In electrostatic, is well know that the electric field generated by point charged particle $q$ is given by: $$\vec E(\vec r)=\kappa\frac{q}{||\vec r||^3}\vec r$$ This vector field is clearly conservative. This fact follows from its spherical symmetry (that is, $\vec E(\vec r)=\vec E(A\vec r)$ for any orthogonal matrix $A$) and its radial character ($\vec E(\vec r)=f(||\vec r||)\vec r$, for some function $f$).
My question is: If $\vec E$ is a conservative vector field with spherical symmetry, then $\vec E$ must be a radial vector field $$\vec E(\vec r)=f(||\vec r||)\vec r \quad ?$$
Note: I'm assuming we're working in $\mathbb R^3,$ since the electrostatic field is a three-dimensional field. The following answer is written under that assumption, and does not necessarily work in spaces of other dimensions. In particular, if we were working in two dimensions then "spherically symmetric" is just "circularly symmetric" and the arguments below do not hold.
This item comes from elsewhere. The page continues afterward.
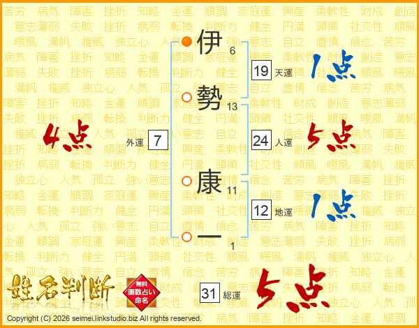 生活面を象徴する運勢です。外部から受ける影響力を表し、結婚運、家庭運や職場、環境への順応性を表します。総運から人運を引いた画数。姓や名が1文字の場合を除く。
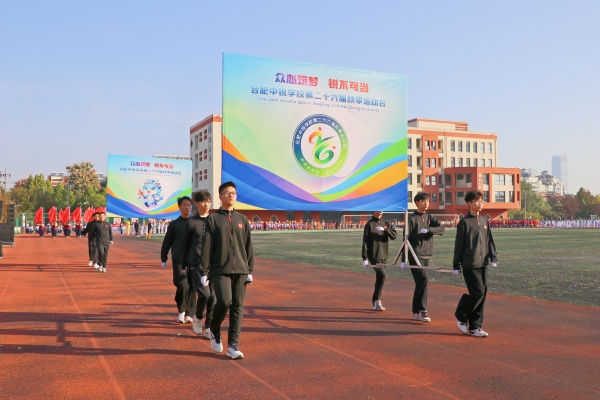 上午8時08分,在激昂的《運動員進行曲》中,開幕式正式拉開帷幕。首先步入會場的國旗方陣和會旗方陣,他們步伐鏗鏘,目光如炬。緊隨其后的是會徽吉祥物方陣、紅旗方陣、花環方陣、氣球方陣,他們走出了昂揚的姿態,展現出中銳學子蓬勃向上的青春活力。

Never mind the conservative part. How can a vector field be spherically symmetric?
"Spherically symmetric" means that I can rotate the vector field around its center in any way I like and I will still have exactly the same vector field, exactly the same as if it had not rotated at all.
Now let's look at the field vector at some point at displacement $\vec r$ from the center of the spherical vector field, and consider rotations of the spherical vector field around the axis through the origin and the chosen point, that is, rotations parallel to $\vec r$.
The field vector at that point must be unchanged by any such rotation. What kind of vector can satisfy that property?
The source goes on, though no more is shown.